Забирался ли Марцелл когда-нибудь туда и выглядывал ли наружу? Будет ли вид моря для него утешением? Или это будет как пощечина – увидеть свою естественную среду обитания так близко и в то же время так далеко? Това вспоминает, как ее старая соседка, миссис Соренсон, в хорошую погоду иногда ставила клетку с попугаями на крыльцо. Им нравится слушать пение диких птиц, объясняла миссис Соренсон. Это всегда вызывало у Товы странную грусть.
Но Марцелл не следит за ее взглядом, устремленным на маленькое темное окошко. Может быть, он даже не знает о его существовании. Его глаз по-прежнему глядит на Тову.
Она продолжает:
– Он утонул ночью. Вышел в море на маленькой лодке. Совсем один. – Она переступает с ноги на ногу на стремянке, чтобы перестало ныть больное бедро. – На поиски ушли недели, но наконец нашли якорь. Канат был перерезан. – Она сглатывает. – Тело продолжали искать, но я уверена, что к тому времени от него уже ничего не осталось. На дне океана у всего короткий срок.

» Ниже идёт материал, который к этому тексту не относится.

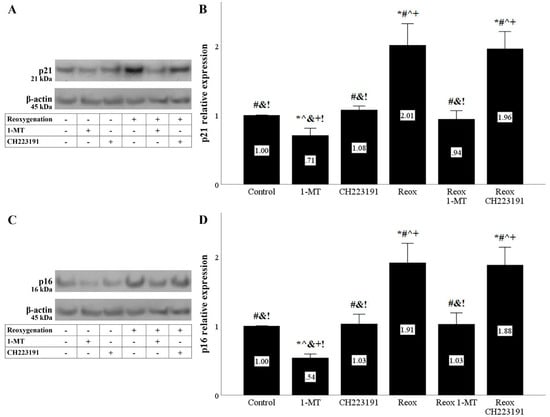 Reoxygenation upregulates the cell-cycle inhibitors p21 and p16, whereas inhibition of IDO prevents their upregulation. Cells were cultured under anoxic conditions for 24 h and then subjected to 2 h of reoxygenation along with the indicating treatments. Reoxygenation increased p21 levels. 1-MT, but not CH223191, prevented p21 increase. A representative Western blot experiment is displayed in panel (A), whereas panel (B) depicts the cumulative results of four repeated experiments. Reoxygenation upregulated p16 levels. 1-MT, but not CH223191, prevented p16 upregulation. A representative Western blot experiment is displayed in panel (C), whereas panel (D) depicts the cumulative results of four repeated experiments. * p < 0.05 vs. Control, # p < 0.05 vs. Control with 1-MT, ^ p < 0.05 vs. Control with CH223191, & p < 0.05 vs. Reox, + p < 0.05 vs. Reox with 1-MT, ! p < 0.05 vs. Reox with CH223191. Error bars correspond to SEM. 1-MT, 1-DL-methyltryptophan; Reox, reoxygenation.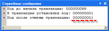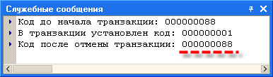 Копировать в буфер обменаНовыйЭлемент = Справочники.Справочник1.СоздатьЭлемент(); НовыйЭлемент.Код = "000000088"; Сообщить("Код до начала транзакции: " + НовыйЭлемент.Код); НачатьТранзакцию(); НовыйЭлемент.УстановитьНовыйКод(); Сообщить("В транзакции установлен код: " + НовыйЭлемент.Код); ОтменитьТранзакцию(); Сообщить("Код после отмены транзакции: " + НовыйЭлемент.Код);

Осьминог на мгновение отводит взгляд, как будто берет на себя долю вины за своих собратьев, за их положение в пищевой цепи.
– Мне сказали, что он, должно быть, сделал это сам. Другого объяснения нет. – Това прерывисто вздыхает. – Хотя это было очень странно. Эрик был счастлив. Но конечно, ему было восемнадцать, так что кто знает, что творилось у него в голове. И да, мы тогда поссорились… ох, это было глупо. Они с друзьями играли в футбол в доме и попали мячом в одну из моих далекарлийских лошадок[4]4
Национальный символ Швеции – стилизованная расписная лошадка, вырезанная из дерева.
[Закрыть]. Мою любимую. Она была старенькой, хрупкой… мама привезла ее из Швеции… У нее отвалилась нога.
Това собирается с духом.
– Правда, он злился еще и из-за того, что я заставила его устроиться на работу в билетную кассу. Но что мне было делать, позволить подростку бездельничать все лето?
Любовь к безделью – черта, которую Эрик унаследовал от Уилла. Они вдвоем часами заседали в гостиной, смотрели американский футбол, бейсбол или что там еще в тот момент показывали. После этого Това приходила с пылесосом, высасывала из швов дивана крошки чипсов и вытирала пятна воды, которые их запотевшие банки с газировкой оставляли на журнальном столике. Даже после смерти Эрика Уилл продолжал делать все то же самое каждый раз, когда шла игра, и садился на все ту же подушку, а подушка Эрика пустовала. Бездельничал, как обычно, будто ничего не изменилось. Тову это всегда раздражало.
Найти себе занятие было гораздо полезнее.
– Любой разумный родитель настоял бы на том, чтобы его ребенок устроился на летнюю подработку, – продолжает она с легкой дрожью в голосе. – Конечно, если бы я знала, что случится…
Она машинально засовывает свободную руку в карман фартука, находит тряпку и начинает оттирать белые отложения, коркой покрывающие черный прорезиненный край аквариума. Налет упорствует, но в конце концов уступает. Осьминог продолжает держать ее за вторую руку, хотя его глаз вопросительно мерцает, и Това понимает это как “что ты такое творишь?”.
Она тихо посмеивается.
– Похоже, я ничего не могу с собой поделать.
До грязного бортика с противоположной стороны аквариума не добраться. Она меняет позу, вытягивает руку, и вдруг стремянка начинает шататься у нее под ногами. В мгновение ока щупальца осьминога утекают у нее сквозь пальцы. Она падает и больно ударяется о твердую плитку.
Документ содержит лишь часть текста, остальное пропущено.